В 1830 году, за несколько месяцев до прославленных дней 26–28 июля, в Париже по инициативе книгоиздателя Моро-Розье (улица Монмартр, 68) вышел двухтомник «Подлинные воспоминания Максимилиана Робеспьера, с его портретом и факсимиле его подписи, отрывки из его воспоминаний». В первом томе за текстом «От издателя» следовало «Введение» на 20 страницах «О Робеспьере и о его ценителях» [6], а за ним – 60 страниц отрывков из текстов о Робеспьере разных авторов, 150 страниц так называемых «Воспоминаний», явно апокрифических (начинающихся со слов «Я родился в Аррасе»), и еще 132 страницы «документальных подтверждений», предшествующих 1789 году. Второй том представлял собой собрание речей и текстов Робеспьера революционного времени, до самого Термидора.

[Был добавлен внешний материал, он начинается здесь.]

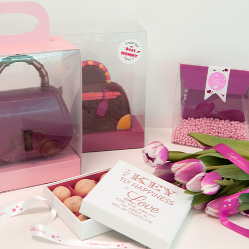 etiketten 40x40mm 'Mom needs chocolate' shiny fuchsia + white (500 st)

В первом томе, там, где начинается глава приписываемых Максимилиану Робеспьеру воспоминаний, воспроизведено «Посвящение Ж.-Ж. Руссо» (в том числе вклеена литография факсимиле его рукописи). По причине, несомненно, крайне напряженной политической ситуации в первые месяцы 1830 года появление предполагаемых воспоминаний Робеспьера с сотнями страниц подлинных документов привлекло внимание журналистов, ведь с 1820 года модно было издавать свидетельства и мемуары действующих лиц Революции и Империи. 5 мая в газете L’Universel появилась колонка, автор которой подвергал сомнению подлинность «Воспоминаний Робеспьера», хотя признавал подлинность и интерес остальных текстов в издании. 24 мая, за неполные два месяца до летнего восстания, та же газета разместила письмо Шарлотты Робеспьер, сестры Максимилиана и Огюстена, присоединявшейся к отказу журналиста признать «Воспоминания» подлинными. В своем письме Шарлотта заявляла, что ей «нечего ответить на правоту рассуждений» сотрудника газеты, но добавляла, что, вопреки написанному там, она категорически отрицает какую-либо свою «прямую или косвенную связь с издателем так называемых “Воспоминаний” своего брата» и подчеркивает наличие там неточностей и фальсификаций [7]. Как мы увидим, это отчасти сомнительно.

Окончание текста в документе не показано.